=== Task prompt ===
The range runs from the line containing "Con questo ombrello" to the last line of the entries. Restate those lines word for word, without the pictures.

Top of Data supplied

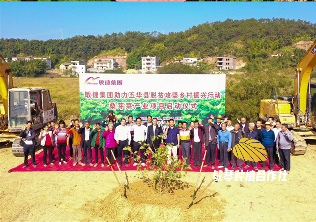 项目背景:【敏琴桑芽菜】是敏捷集团助力五华精准扶贫,积极探索“五扶一美”的重要帮扶项目措施之一。2019年11月,敏捷集团在梅林镇琴口村播种下第一颗桑芽菜种苗,标志着敏捷集团桑芽菜产业扶贫项目正式启动。
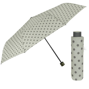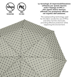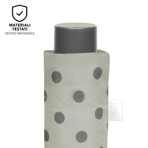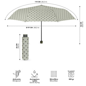 Con questo ombrello manuale, ogni nuvola si trasforma in un’occasione di stile. La fantasia a pois regala un’irresistibile allegria, mentre le tre varianti colore — un raffinato grigio chiaro, un fresco verde acqua e un vivace viola — permettono di scegliere l’umore con cui sfidare la pioggia. Leggero e facile da portare sempre con te, è l’alleato perfetto per colorare anche le giornate più grigie. Progettato per resistere al vento, questo ombrello è dotato di bacchette in fibra di vetro che assicurano solidità e flessibilità anche durante le raffiche più forti. Il tessuto a trama compatta, arricchito da uno speciale trattamento in resina, garantisce un’asciugatura ultrarapida ed è completamente privo di sostanze nocive. Le dimensioni compatte consentono di portarlo sempre con te, in borsa, in uno zaino o durante un viaggio.
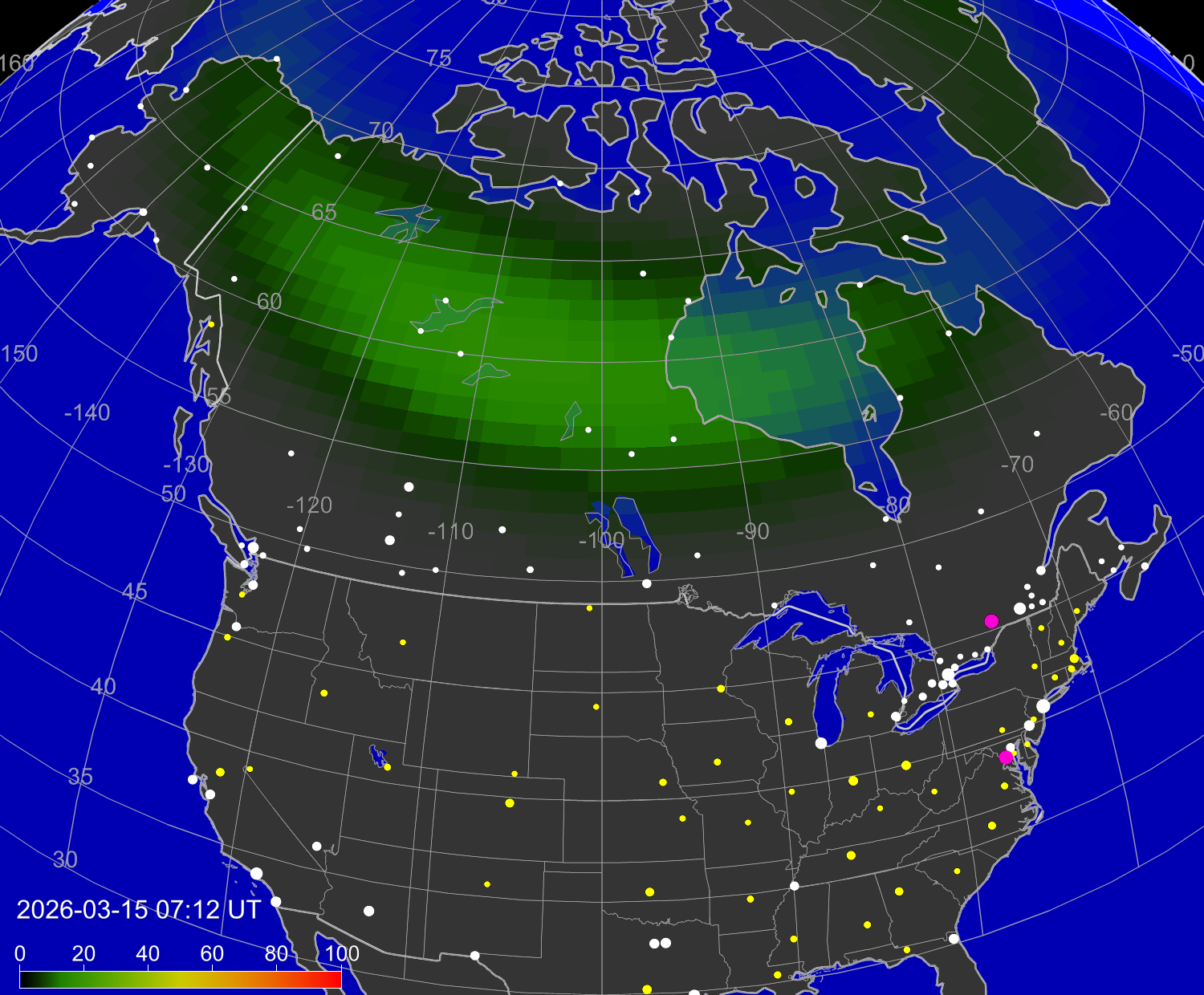 Индекс интенсивности полярных сияний и теоретически возможная широта наблюдений для ночного времени в западном полушарии
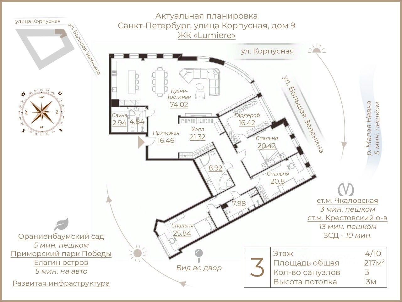 Арт. 69650370 Предлагаем Вашему вниманию уникальную квартиру в самом сердце Петроградского района, в современном доме ЖК "Lumiere" в непосредственной близости парковых зон Крестовского и Каменного островов. Просторная двухсторонняя квартира, расположена на 4 этаже, панорамные окна которой выходят на улицу.
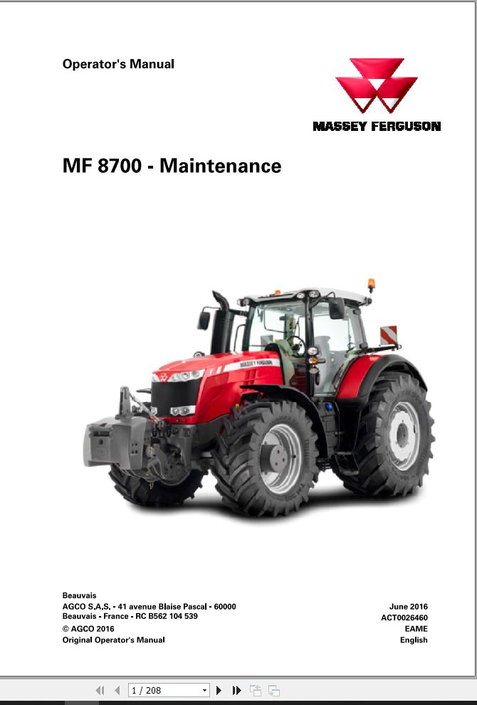 Massey Ferguson MF8700 Maintenance Manual ACT0026460

Bottom of Data supplied

=== Task answer ===
 Con questo ombrello manuale, ogni nuvola si trasforma in un’occasione di stile. La fantasia a pois regala un’irresistibile allegria, mentre le tre varianti colore — un raffinato grigio chiaro, un fresco verde acqua e un vivace viola — permettono di scegliere l’umore con cui sfidare la pioggia. Leggero e facile da portare sempre con te, è l’alleato perfetto per colorare anche le giornate più grigie. Progettato per resistere al vento, questo ombrello è dotato di bacchette in fibra di vetro che assicurano solidità e flessibilità anche durante le raffiche più forti. Il tessuto a trama compatta, arricchito da uno speciale trattamento in resina, garantisce un’asciugatura ultrarapida ed è completamente privo di sostanze nocive. Le dimensioni compatte consentono di portarlo sempre con te, in borsa, in uno zaino o durante un viaggio.
 Индекс интенсивности полярных сияний и теоретически возможная широта наблюдений для ночного времени в западном полушарии
 Арт. 69650370 Предлагаем Вашему вниманию уникальную квартиру в самом сердце Петроградского района, в современном доме ЖК "Lumiere" в непосредственной близости парковых зон Крестовского и Каменного островов. Просторная двухсторонняя квартира, расположена на 4 этаже, панорамные окна которой выходят на улицу.
 Massey Ferguson MF8700 Maintenance Manual ACT0026460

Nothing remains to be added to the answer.